Полковник долго рассматривал карту, которую вручил ему Шубин.
– За эту карту вам скажет большое спасибо Генеральный штаб. Очень хорошая карта! И как сумел выкрасть ее Отто?
– И выкрасть сумел, и «потерять» у Петра Петровича. Целиком он старику все еще не доверяет: карту «утерял», а пистолет «продал».
– Что ж, и нам попадаются такие немцы. Честные и понимающие, что к чему. Всех немцев Гитлер своим ядом не отравил.
– Его, этого Отто, нельзя выручить?
– Посмотрим, может быть, что-либо и сделаем… Дома у жены и настоящей дочки побывать хочется, Алексей Осипович?
– Конечно!
– Закончим операцию в Шелонске – отпуск вам месяца на три.
Вошел старший лейтенант, молодой и розовощекий. Он не узнал Поленова.
– Товарищ полковник!.. – начал тот.
– Одну минутку. Узнаешь, старший лейтенант, моего гостя?
Старший лейтенант оглядел гостя и чистосердечно сознался:
– Нет, не узнаю, товарищ полковник!
– Да ты же бороду его спасал, девичья память у тебя, парень!
– Ой, здравствуйте! – обрадовался тот. – А я для вас шифровку готовлю.
– Для него есть уже задание, обойдемся без шифровки, – сказал полковник. – Ну, что у тебя?
– Пришли, ждут. Беседовать будете?
– Хорошо, сейчас приду.
Когда старший лейтенант вышел из комнаты, Поленов осторожно спросил:
– Наверное, новеньких посылаете, товарищ полковник?
– Да. И новеньких, и стареньких, Алексей Осипович.
– Опять «кулаков»?
– Новые времена и новые легенды, Алексей Осипович…
ГЛАВА ДВЕНАДЦАТАЯ
1
Была весна…
Природа никак не хотела считаться с делами и думами людей. Весело зеленела трава, голубоватые подснежники усыпали ожившие поляны. На тополях наливались почки, готовые при первой же возможности развернуться в нежные, мягкие листья.
Из далеких стран потянулись стаи птиц. Они наполнили город шумным щебетанием. Старики утверждали, что в этом году соловьев и скворцов стало больше; мол, птицы, долетев до линии фронта, повернули обратно: в прифронтовой полосе не осталось ничего похожего на прежние деревушки с садами, с уютными скворечниками на деревьях. Возможно, старики были и правы: даже забракованные в прошлом году скворечники этой весной были заселены, желтоватые носы скворцов ежеминутно появлялись в круглых окошечках.

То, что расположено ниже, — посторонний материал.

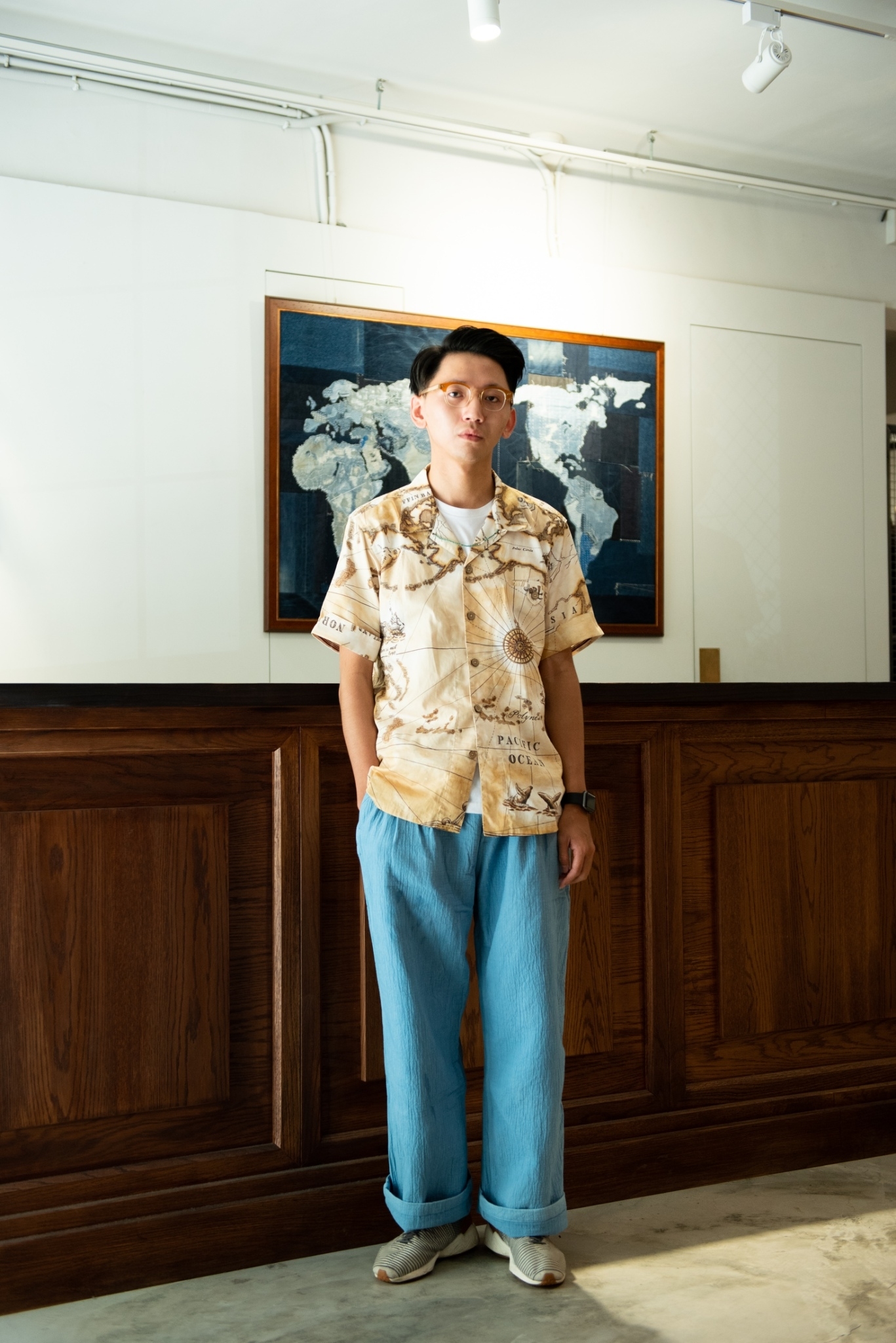 此款 “SHAKA” 夏威夷衫印製了世界地圖於上頭,一件就能帶有相當重的份量感;而下身的 “THE WIDE ONES” 工作西褲以雙層紗製作之外,較為寬鬆的版型也讓穿著上與視覺上都舒適自在。

Река пронесла почерневшие льды, а с ними ушли и мутные воды; теперь вода в речке с каждым днем становилась чище и прозрачнее.
Пашня в окрестностях Шелонска стала пухлой, рассыпчатой – она звала к себе людей.

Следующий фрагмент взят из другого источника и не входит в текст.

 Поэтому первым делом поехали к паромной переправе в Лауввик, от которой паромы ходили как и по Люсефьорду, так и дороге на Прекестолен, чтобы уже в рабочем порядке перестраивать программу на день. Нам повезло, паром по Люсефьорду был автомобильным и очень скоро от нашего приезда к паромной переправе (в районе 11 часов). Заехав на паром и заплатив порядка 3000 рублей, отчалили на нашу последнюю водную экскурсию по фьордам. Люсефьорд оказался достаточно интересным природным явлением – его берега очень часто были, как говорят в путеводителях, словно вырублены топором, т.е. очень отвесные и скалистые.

И то, что почва была готова для обработки, все больше и больше угнетало и беспокоило Петра Петровича. То он говорил Хельману, что оттаял, только верхний слой почвы, а чуть поглубже земля мерзлая, холодная. Потом говорил о вешних водах: почва жидковата. Но уже давно исчезла мерзлота и лишняя влага, а Петру Петровичу не хотелось браться за работу.
Приедут в Шелонск на поправку побитые эсэсовцы, и Петр Петрович будет помогать им восстанавливать подорванное на фронте здоровье. Такая перспектива не устраивала Калачникова.
«Вот бы надежному человеку сказать: воруйте, мужики, – одну пятую нормы в землю, а четыре пятых к себе домой, кушайте на здоровье! Сашка подослать к мужикам, что ли? – подумал однажды Калачников. Пусть бы шепнул!..» Но эта мысль была сразу же отброшена. Сашок с утра до позднего вечера занят на стройке. Да и рисковать ему нельзя: он при большом деле! Сашок заложил тол в кирпичные столбы-опоры, замазал цементом, присыпал пылью и грязью; смотришь, и создается такое впечатление, что человек не притрагивался к столбам полсотни лет. Провода упрятал в пазах между половицами. Успел вовремя: с началом работ Хельман приставил к будущему кинотеатру часовых.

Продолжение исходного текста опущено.